December 24, 1983 as I remember was -70 during the night. My mother received a call from my great-aunt, that the heat was not working in our 3-story mixed use building in downtown Lemont, Illinois. She owned it and lived on the 2nd story. My mother, pharmacist brother, and I ran the pharmacy on the 1st floor.
Sure enough, after walking a block, we discovered that the boiler had went out. We had to transport the dear aunt to our home. All the tenants (4) were instructed to go stay elsewhere and we would provide payment. Also, they were told to not run any water or flush toilets. One tenant did not listen and flushed her toilet and cracked it. Oh well.

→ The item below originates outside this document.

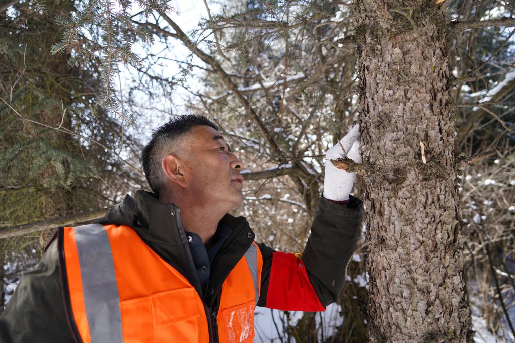 圖為2月20日,在青海省海東市的上北山林場,護(hù)林員趙以成正在觀察樹木長勢。 新華社記者 耿輝凰 攝
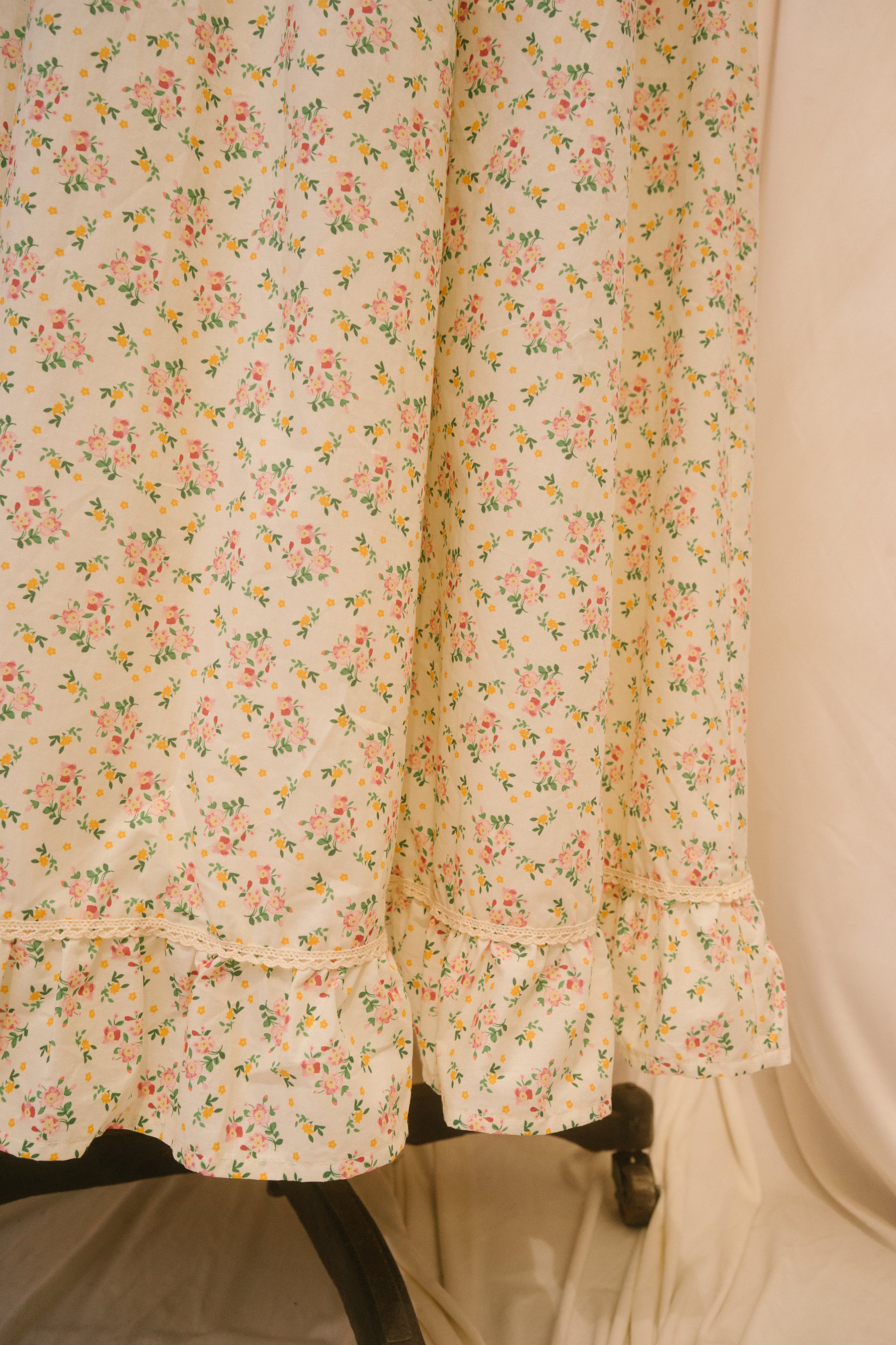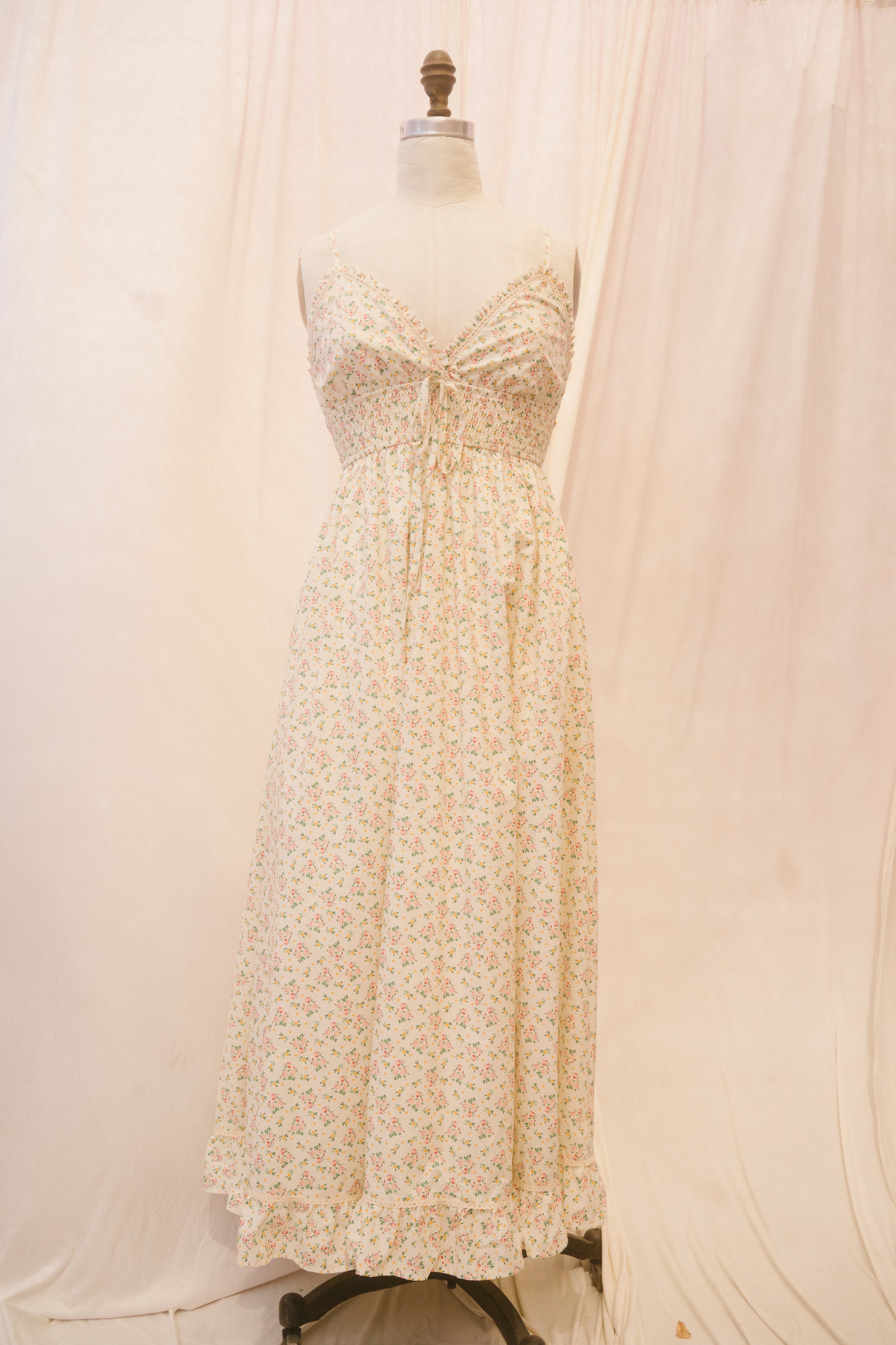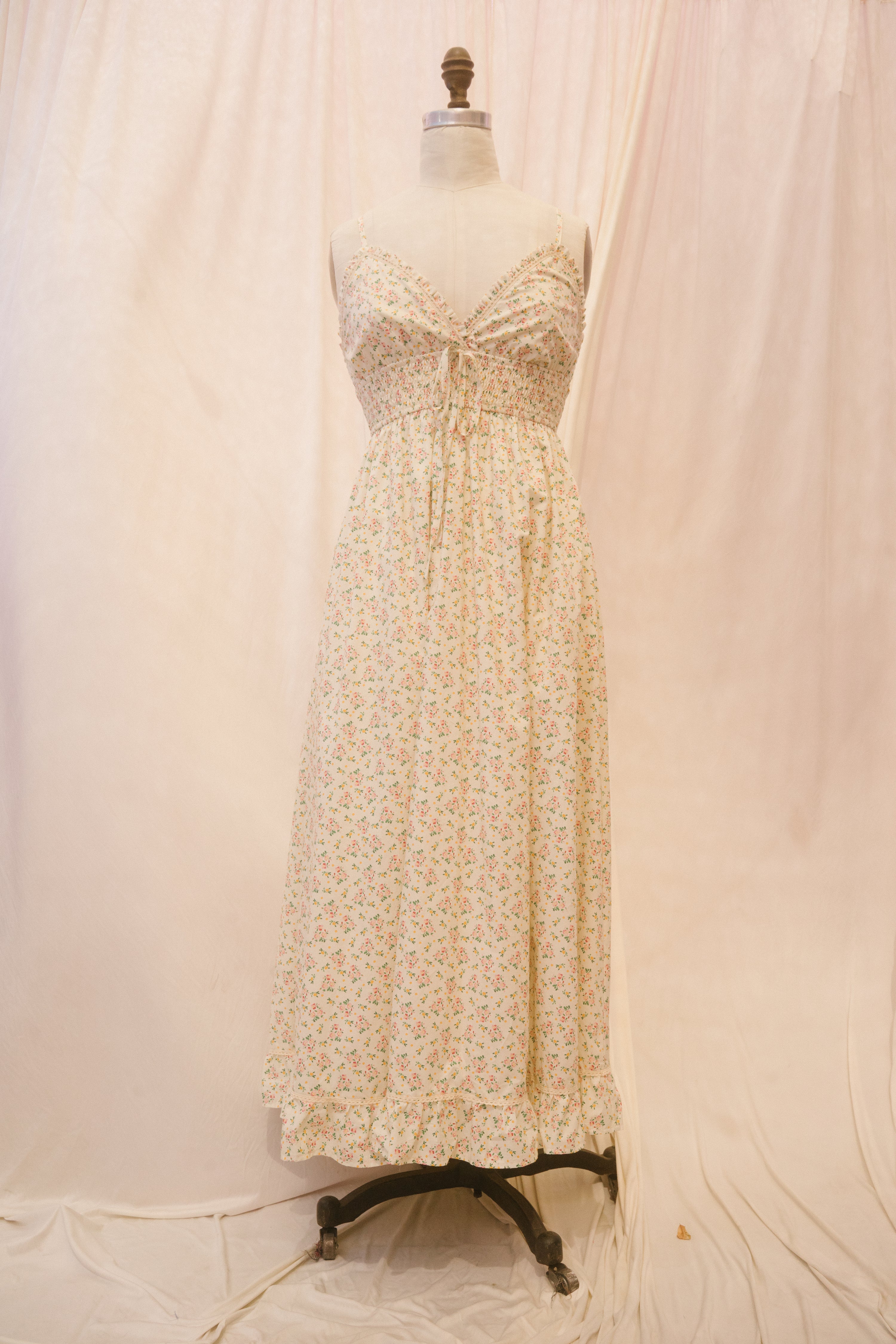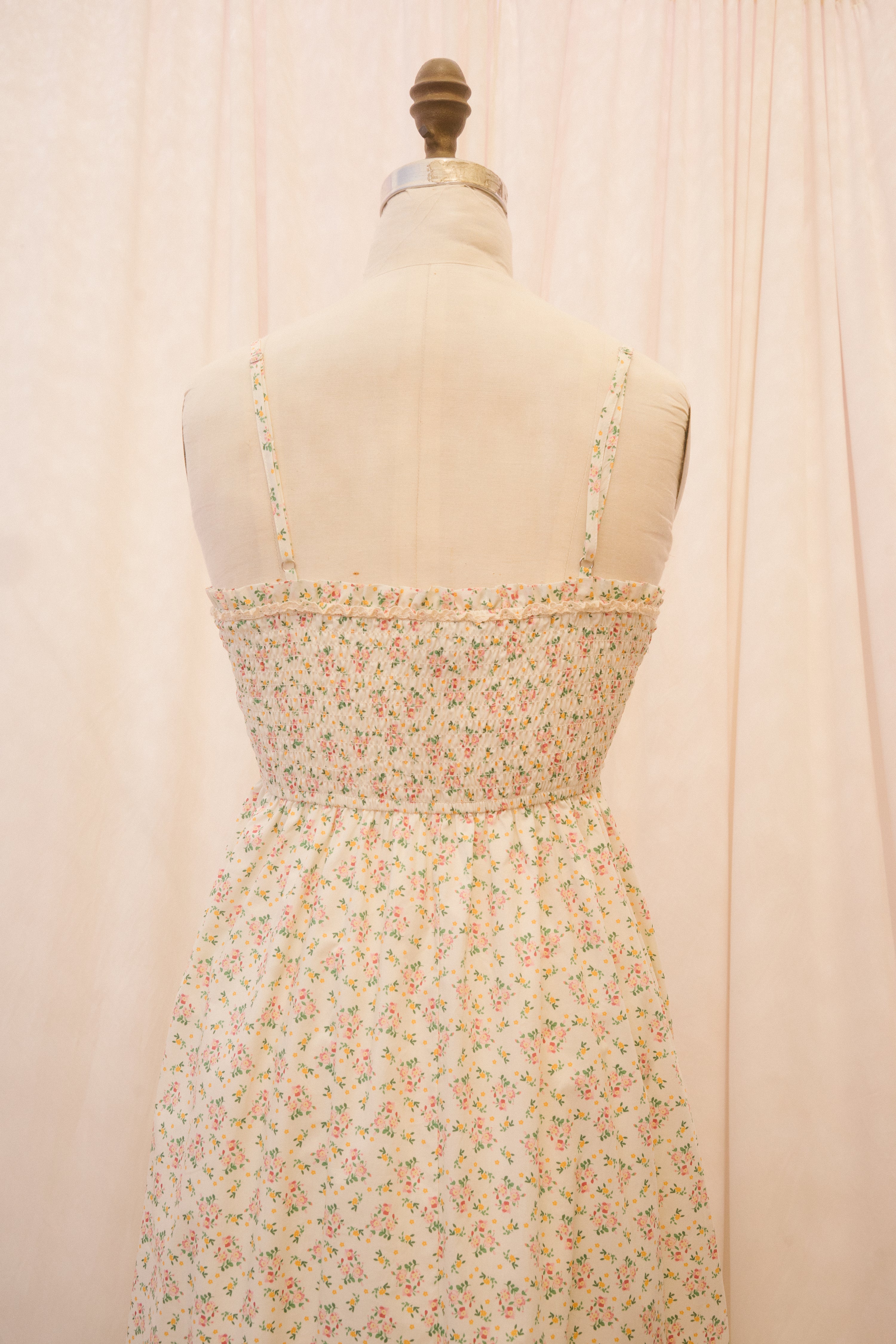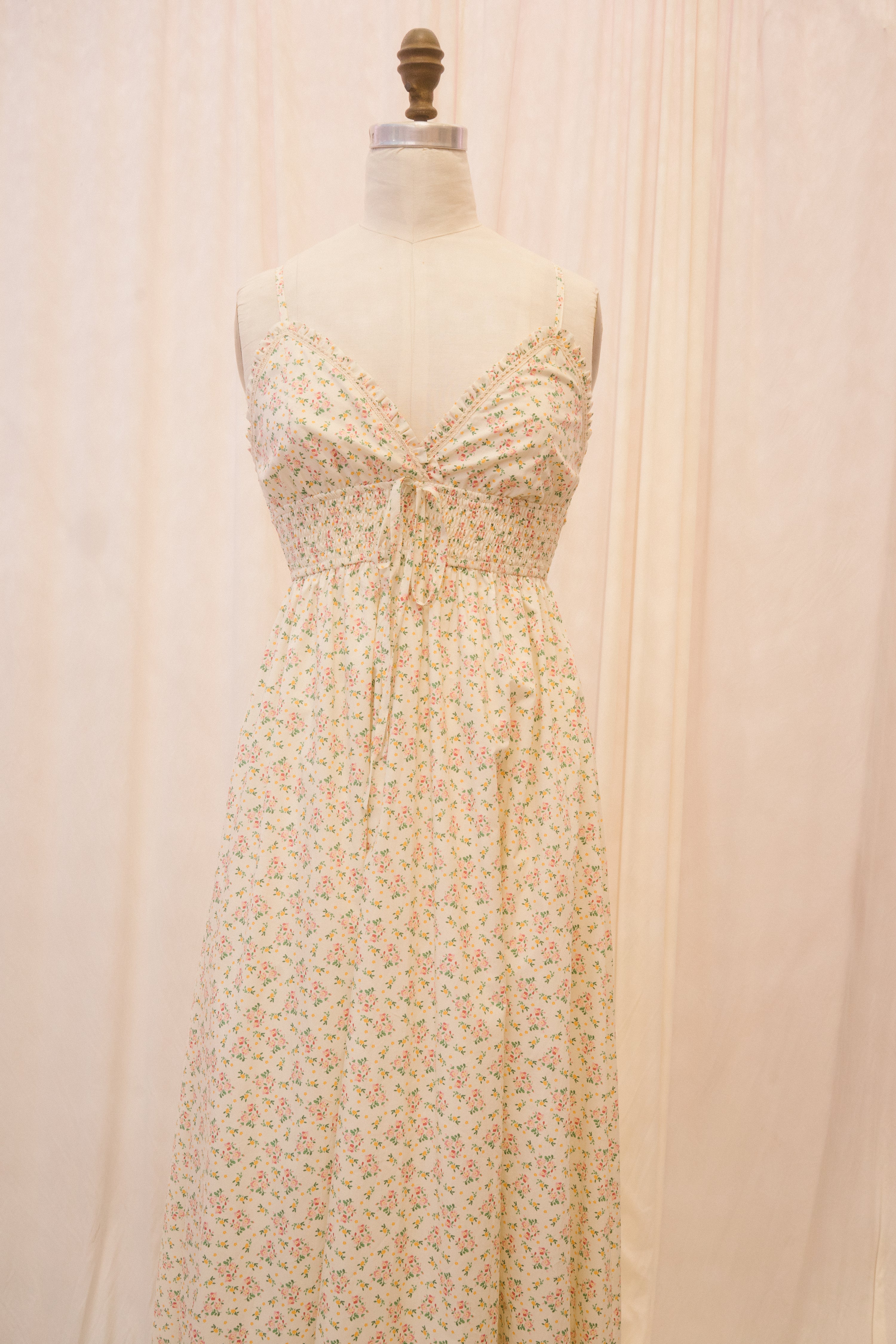 Named after the boho style icons of the early 2000s, this romantic v-neck midi sundress comes a in a warm, creamy fabric flecked in a delicate ditsy floral print with mustard, rose, and green blooms. The fully smocked bodice and adjustable spaghetti straps make for maximum comfort, while the delicate frilled neckline, bow-tie bust, and dentelle style embroidery on the bodice and bottom of the skirt add visual interest. Throw on a pair of granny sunglasses that are 5x bigger than your face and a floppy hat and you're ready to face the flash of the paparazzi!

For 3 days, in order to work in the drugstore we had no heat and worked in our winter jackets. That was a very costly boiler to replace. What a memory! Sue Little
I enjoyed reading about 12-24-83. I do not understand where I would type up “my story” from that date.
Hi Susan, right where you posted this comment you can share your story! We’d love to hear it!
We were living in Texas in 1983 & went to Kentucky for Christmas to see our families. It was really cold & dark when we got to KY so we only took what was necessary for overnight inside. The next morning we got the rest of our stuff out of the car & our shampoo was froze solid. We had just purchased our first home & moved into it in December. We were so worried because we kept hearing about how cold it was in Texas & so many people were having busted water lines. Thankfully when we got back to Texas ours had not busted.
My wife and I were married December 17, 1983 in northern Indiana. We had a record low that day of -15 with a wind chill of -50 to -80! Photos of us coming out of the church look like we’re shouting for joy but really we were screaming at the cold! LOL
Jeff Clark, hahaha thanks for sharing!